Vorübergehende doppelte Haushaltsführung
Entscheidungstext
IM NAMEN DER REPUBLIK
Das Bundesfinanzgericht hat durch seine Richterin MMag. Elisabeth Brunner über die Beschwerde der A***B*** gegen die Bescheide des Finanzamtes Wien 2/20/21/22 betreffend Einkommensteuer 2009 und 2010 zu Recht erkannt:
Der Beschwerde betreffend Einkommensteuer 2009 wird teilweise Folge gegeben.
Der Bescheid betreffend Einkommensteuer 2009 wird abgeändert.
Die Beschwerde betreffend Einkommensteuer 2010 wird als unbegründet abgewiesen.
Der Bescheid betreffend Einkommensteuer 2010 bleibt unverändert.
Die Bemessungsgrundlage und die Höhe der Abgabe sind dem als Beilage angeschlossenen Berechnungsblatt zu entnehmen und bilden einen Bestandteil dieses Spruches.
Die ordentliche Revision an den Verwaltungsgerichtshof gemäß § 133 Abs 4 B-VG ist nicht zulässig.
Entscheidungsgründe
Die Beschwerdeführerin begehrt die Anerkennung von monatlichen Familienheimfahrten in die Slowakei, sowie im Jahr 2009 die Anerkennung der Kosten für die doppelte Haushaltsführung für einen Zeitraum von sechs Monaten.
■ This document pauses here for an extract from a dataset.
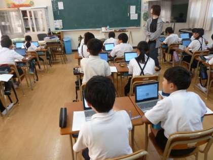 ヒトは母親の胎内で、どのように育って誕生するのかということをテーマに、各自がパソコンを使って、調べていました。栄養や体の大きさの変化などそれぞれが調べたことを自分のノートにまとめていました。

Vom Finanzamt wird die Zumutbarkeit der Verlegung des Wohnsitzes angenommen. Die Beibehaltung des Wohnsitzes im Ausland sei rein privat veranlasst. Die Beschwerdeführerin halte sich schon seit 2005 dauernd im Inland auf und stünde seit in einem unbefristeten Dienstverhältnis. Die Voraussetzungen für eine vorübergehende doppelte Haushaltsführung für 6 Monate würden daher in den Jahren 2009 und 2010 (Beschwerdejahre) nicht mehr vorliegen:
Über die Beschwerde wurde erwogen
Nachstehender Sachverhalt steht fest:
Die Beschwerdeführerin ist seit 2005 ohne Unterbrechungen in Wien gemeldet. Ihren Hauptwohnsitz hatte sie in den Jahren 2009 und 2010 in ihrer Heimatstadt C***, Slowakei, wo sie über eine Eigentumswohnung verfügte (ZMR-Behördenabfrage). Die Eltern der Beschwerdeführerin (im Jahr 2010 62 bzw 66 Jahre alt) wohnten in der Slowakei. Die Beschwerdeführerin ist im Wesentlichen an jedem Wochenende mit dem Auto von Wien nach C*** gefahren. Die tägliche Rückkehr an den Familienwohnsitz in der Slowakei war auf Grund der Entfernung nicht zumutbar (einfache Wegstrecke laut Routenplaner ca 177 km). Die Beschwerdeführerin betrieb von bis das Gewerbe „Dienstleistung in der automatischen Datenverarbeitung und Informationstechnik“ am Gewerbestandort Wien***. Die gewerbliche Tätigkeit erfolgte im Prinzip für einen einzigen Auftraggeber (X***Y***) und erforderte keine tägliche Anwesenheit in Wien. Seit ist die Beschwerdeführerin nichtselbstständig in Wien tätig. Das Dienstverhältnis war bis befristet. Mit wurde die Beschwerdeführerin in ein unbefristetes Dienstverhältnis übernommen (Dienstvertrag vom mit Ergänzung vom ). Spätestens ab Februar 2009 war der - alleinstehenden - Beschwerdeführerin die Verlegung des Familienwohnsitzes an den Beschäftigungsort (Wien) zumutbar. Die monatlichen Kosten für die am Beschäftigungsort angemietete Wohnung betrugen 546,33 € (Mietvertrag; Rechnungen Fernwärme, Wien Energie, UPC, Haushaltsversicherung), für die Anschaffung von erforderlichen Einrichtungsgegenständen (Bett mit Matratzen) hatte die Beschwerdeführerin im Jahr 2009 Aufwendungen iHv 815,22 € (2 Rechnungen).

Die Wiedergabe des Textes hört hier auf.